With all this uncertainty, confusion, days awake in bed doing nothing but stare at the ceiling, followed by sleeping 20 hours at a time, with intermittent moments of unpacking and manically organizing my new house, attempting to revamp my resume, applying for work.... It's been an emotional roller coaster of stress. Everything is complicated and any little thing I encounter seems to come with difficulties involving extra work, extra time, extra effort, more stress.
There's just a lot of crap to deal with that are not only a time suck, but frustrating and I'm not in the mood to fuck with any of it. But I trudge on, day after day, doing all sorts of little shit and trying to wrap my mind around my current situation of recently buying a house and shortly thereafter losing my job....and figuring out how I can earn money, survive and be happy. Life is too short to go back to an 8-5 desk job that offers me no creative opportunities, where I get treated like an eeediot and sexually harassed by one of the owners. I just can't do it.
On a positive note
A few things seem to be coming together. I'm working on my first commissioned mosaic, the base of a sculpture by Travis Taylor with two other projects in the works. And I still feel like "How cool is that, being featured in Springfield's Own for my mosaic work!?" I'm also working with Springfield Art Association to possibly teach a mosaic course later this year. I've been dying to do another floor mosaic so I'm going to mosaic my breezeway. The surface is ready to tile, which means I just need to come up with a design, paint the room, gather the material, and get to work.

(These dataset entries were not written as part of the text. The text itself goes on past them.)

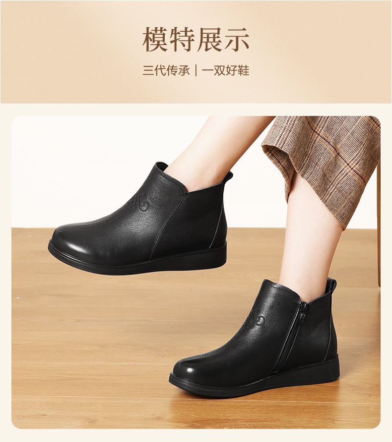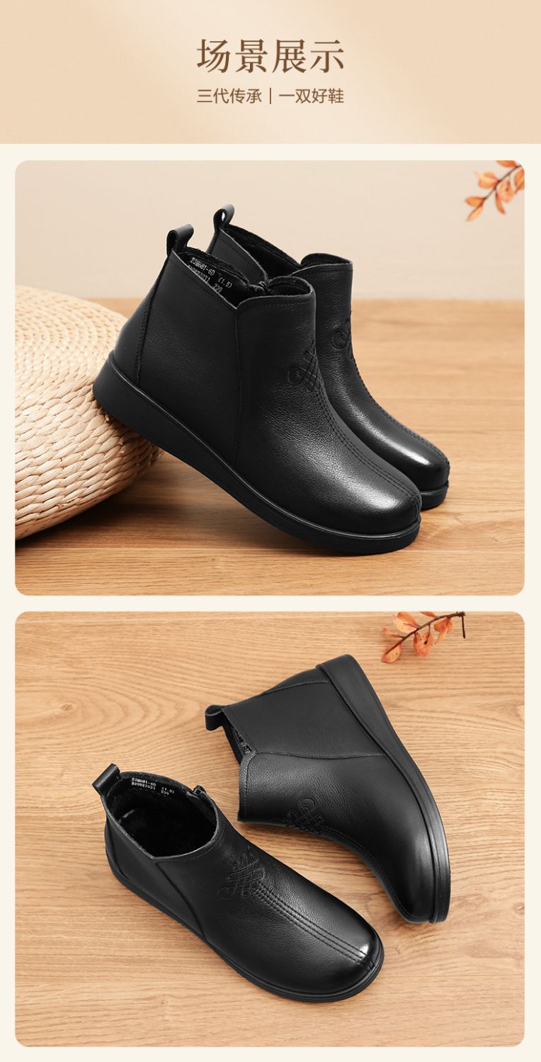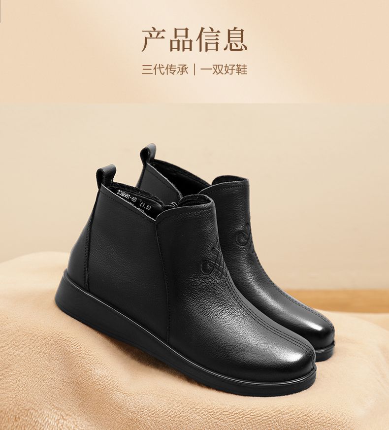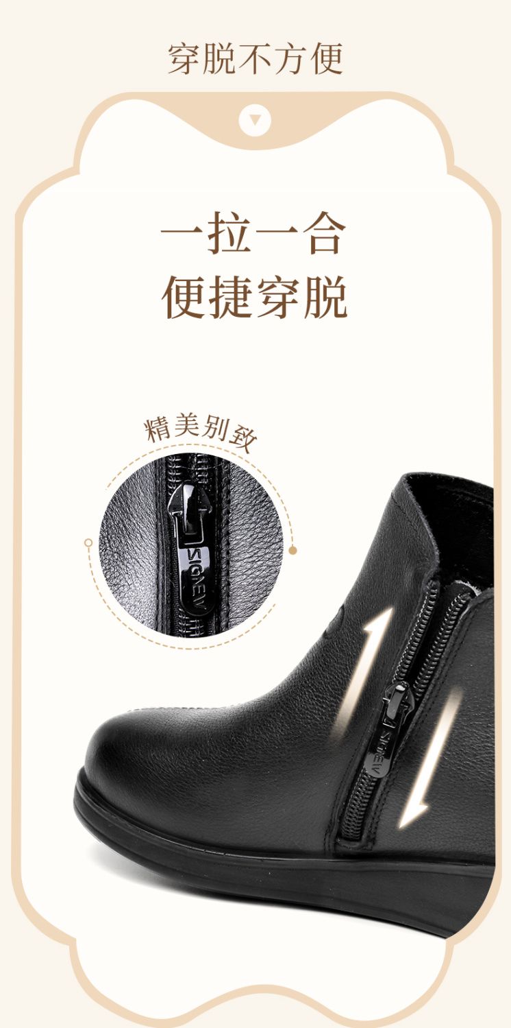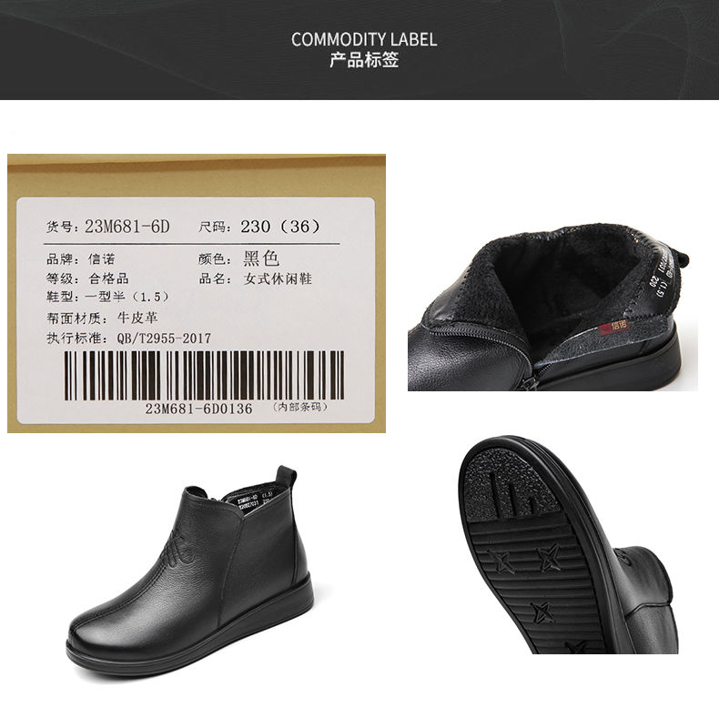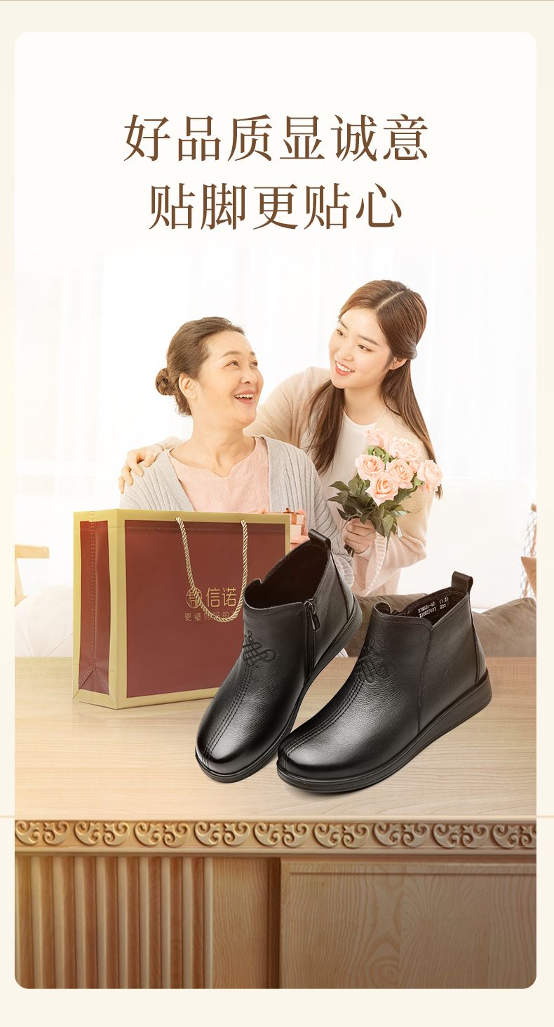 信诺真皮软底妈妈棉鞋2023冬季新款加绒保暖老人奶奶皮鞋女中老年23M681-6D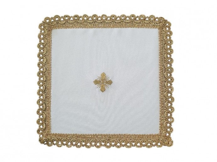 Palla copricalice rigida colore avorio con ricamo croce dorata, confezionata in tessuto vaticano di poliestere.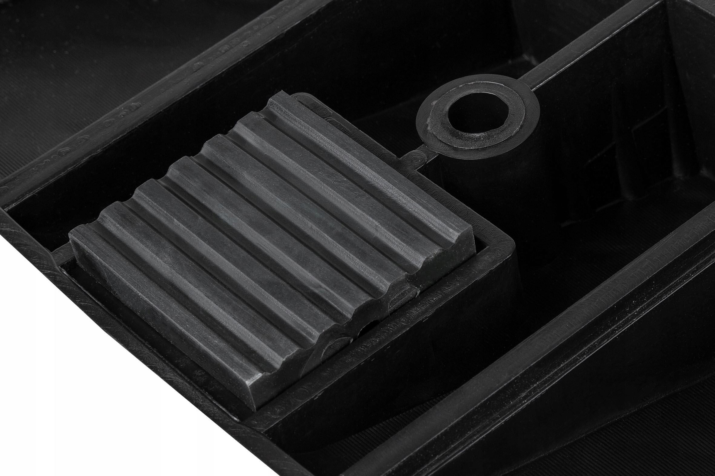➡️ Пазы в материале и высокий порог безопасности – рампы оснащены высоким порогом, защищающим автомобиль от скатывания вперед. Дополнительно весь пандус покрыт специальной конструкцией, увеличивающей сцепление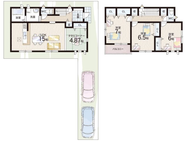 | 駐車場 | 2台 | 道路の幅員 | 南側7.8m公道 |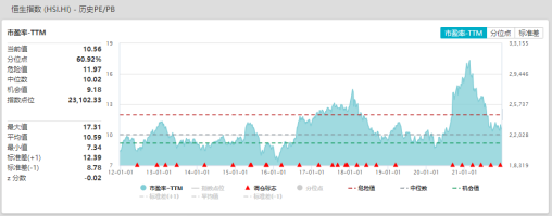 目前恒生指数PE(TTM)10.45倍左右,历史分位点34.5%,PB1.06倍,历史分位点10%,几乎要跌破净资产。总体估值处于近10年的中线位置,还算事合理。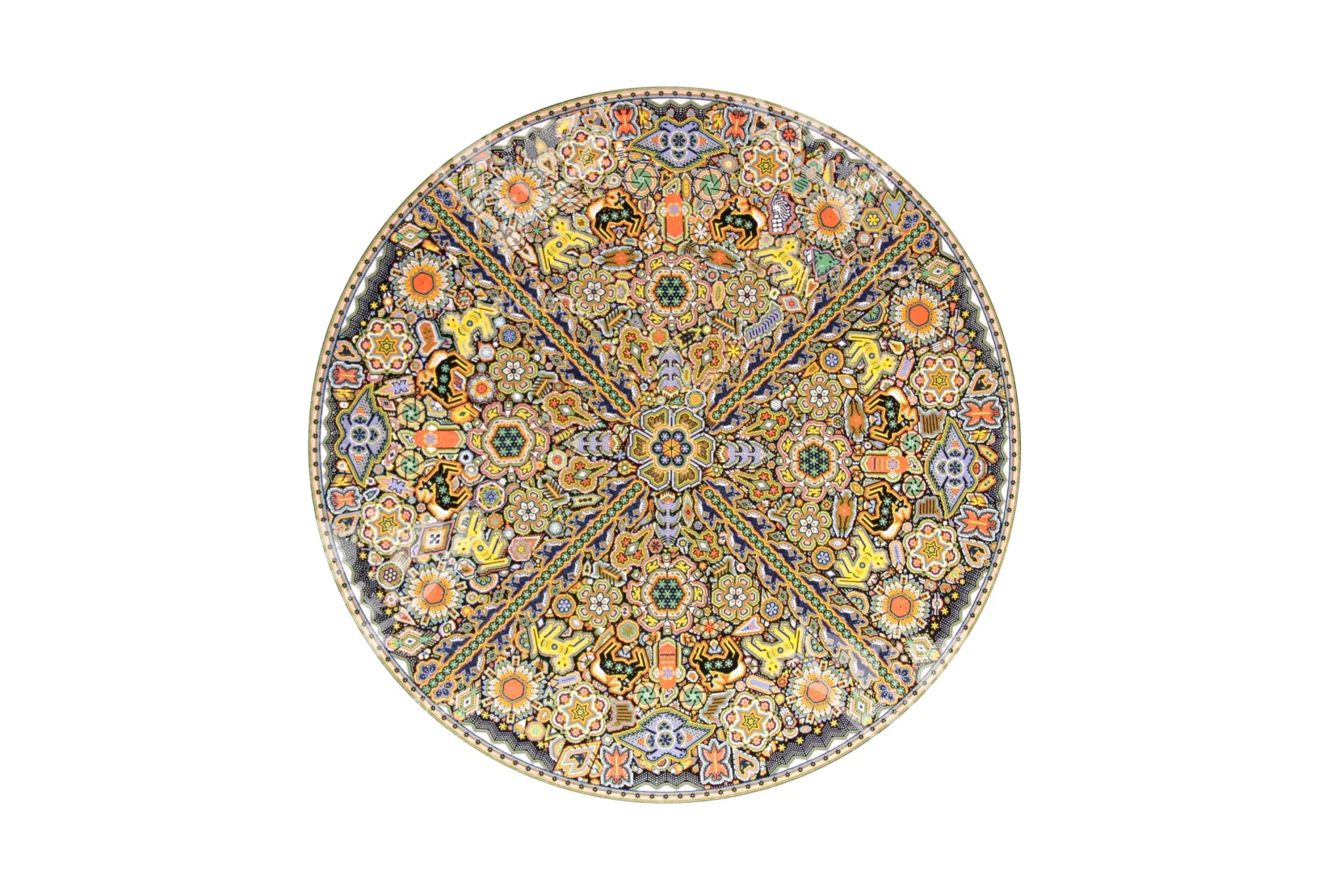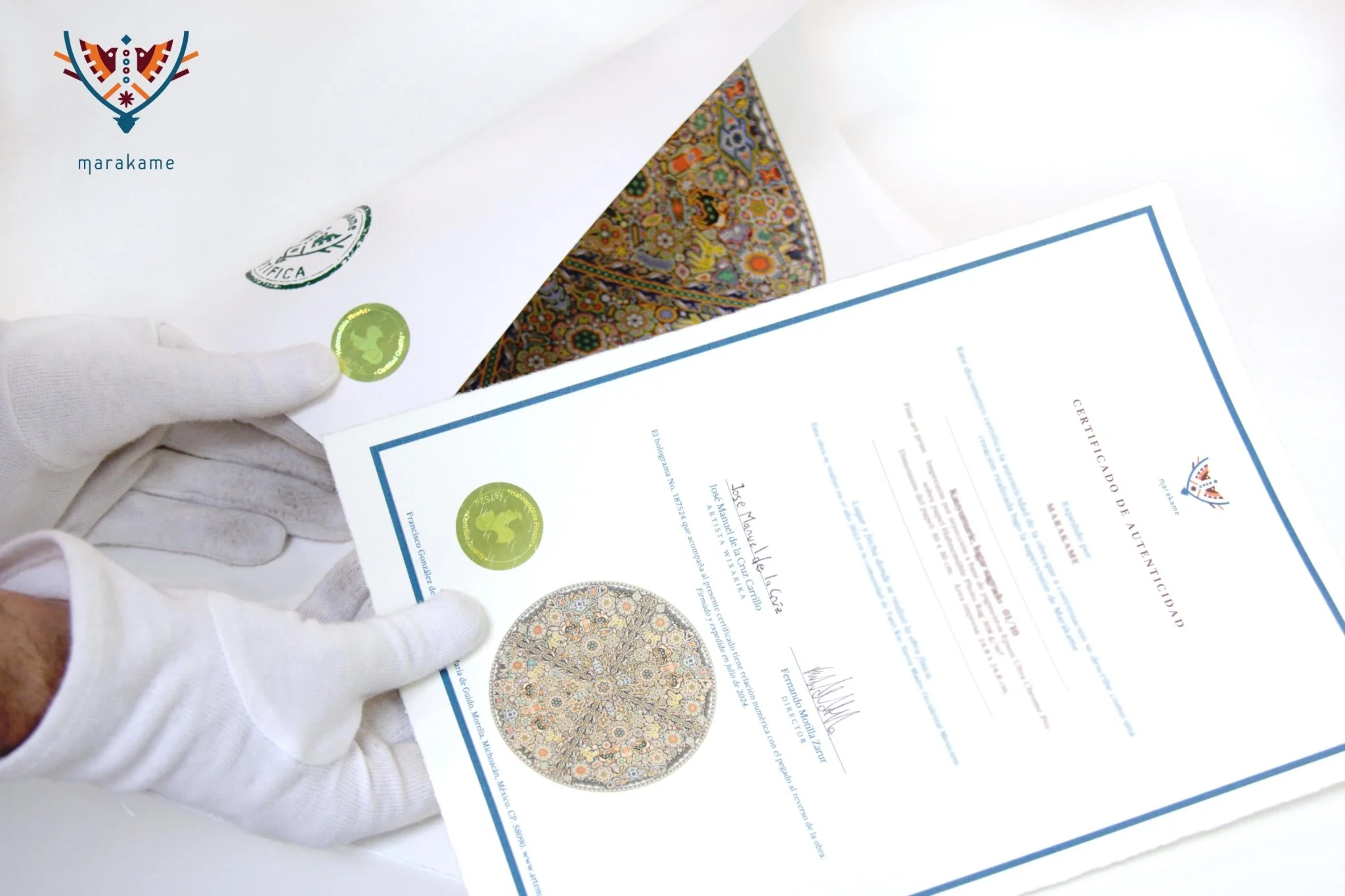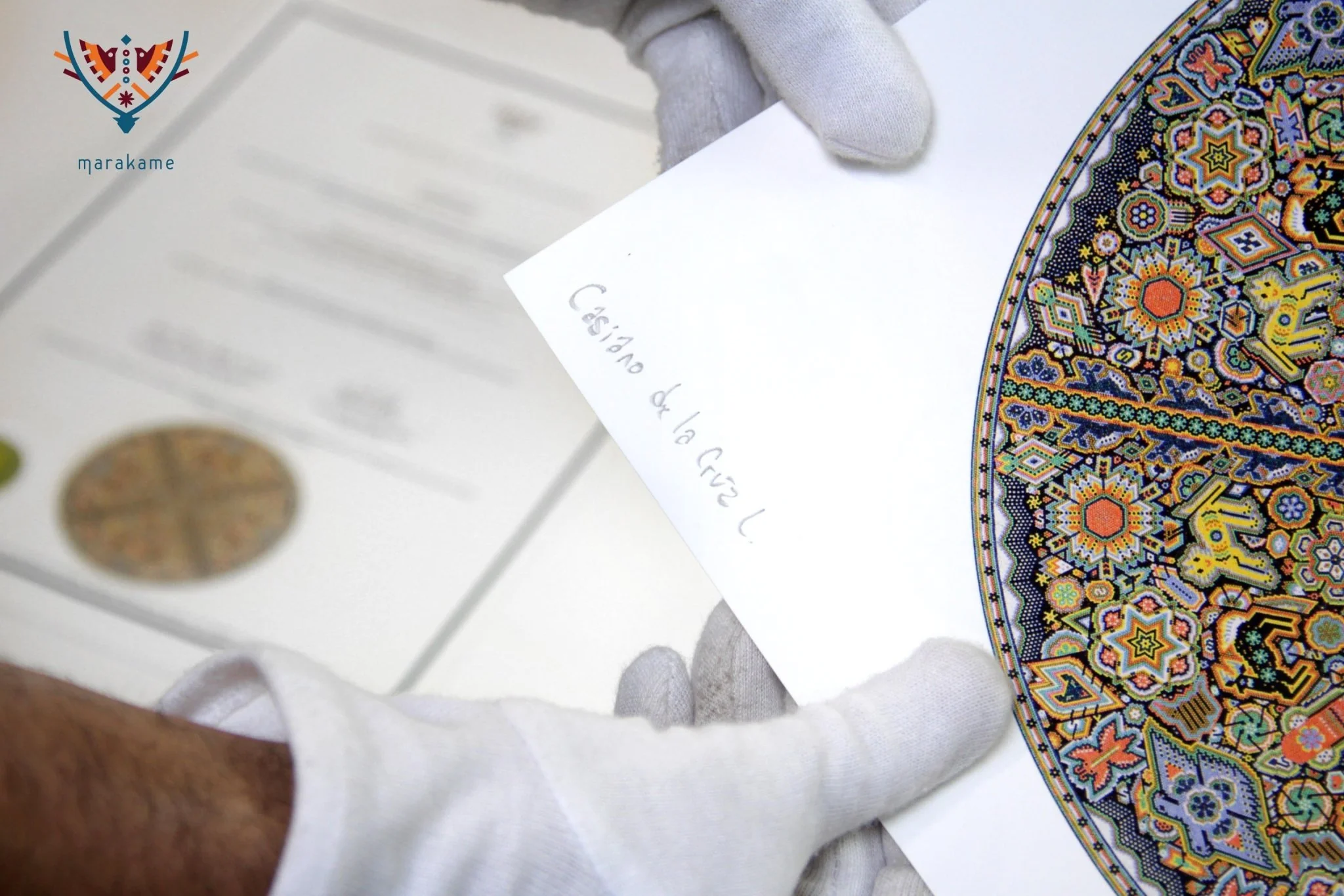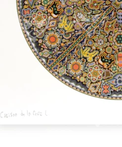 En Marakame trabajamos con artistas Wixárika innovadores que en esta ocasión han realizado un círculo intervenido con la técnica de chaquira. En cualquier caso abordando la narrativa de su costumbre tradicional mediante la simbología más representativa de su cosmovisión. Tiene más de 280,000 chaquiras de cristal colocadas una por una la obra original.

I prefer to work a sporadic variety of random jobs. I originally wanted to be a freelance writer, but I've learned I prefer to freelance anything that interests me. Last year I helped an artist friend paint a gigantic basement. I've enjoyed working on the brick documentary with Bill Streeter. I'm attempting to work with Matthew Glasson on a low budget film project. Over the weekend I worked as a photography assistant for Teresa D Wells Photography. I loved the work! I got to use Teresa's fancy photography equipment and basically took as many photos of whatever I wanted in an effort to catch special moments. It was just a great experience, rewarding to work hard and best capture one of the most important moments of one's life. This might've been the best freelance job I've had as a Jill of all Trades.
I can't wait to work on more cool, interesting and creative projects in the future.For now, I need to get back to Travis' mosaic project. Just know that things are still crazy and stressful and I'm still fighting with depression and anxiety, but overall I feel that things are getting better.